The technology now exists that will enable the satellite IoT market to grow, with new entrants with a small number of satellites offering a new class of service: lower prices and lower capability. This is ideal for markets where receiving data once or twice a day would be a perfectly good outcome: agriculture and some environmental monitoring, for example.

Meanwhile the existing service class – higher prices, high capacity – continues to inch downwards in price, but is far away from parity with cellular. Everywhere that satellite IoT is utilised today is basically mission-critical: pipeline monitoring, tsunami, flood and wildfire alarms, asset tracking, weather reporting, remote security alerts - this list goes on, with a shared characteristic that the data is needed in real-time. And that urgency commands a premium.

The existing SNOs will have a huge influence on the rate at which these prices fall: either by adopting standards-based modules themselves, which should lead to a reduction in module pricing, or leasing their airtime at a competitive rate to start-ups. The tempting prospect of rate-switching between SNOs, however, is some way off, as the gulf in service proposition between the incumbent and new satellite networks is currently too great.
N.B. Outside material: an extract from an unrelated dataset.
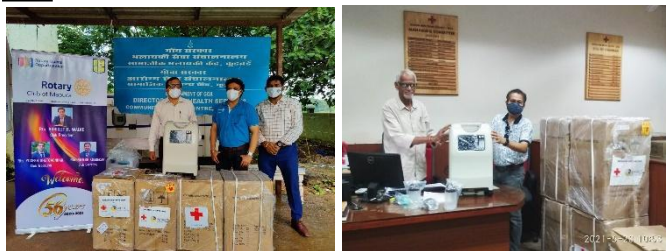
Handover of oxygen concentrators to Goa Medical College and Hospital and to an individual-in-need in June 2021.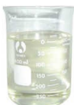
Ash Booster Solution

It benefits no one to see so many new entrants fail, so while we chase the dream of lower pricing brought about by rate-switching and standards-based modules, we need to bear in mind the financial realities of operating a satellite network. Prices for high-capacity service will come down – but in our view, not as far or as fast as some of the hype would have you believe.

Alastair Macleod is the CEO of remote connectivity provider Ground Control.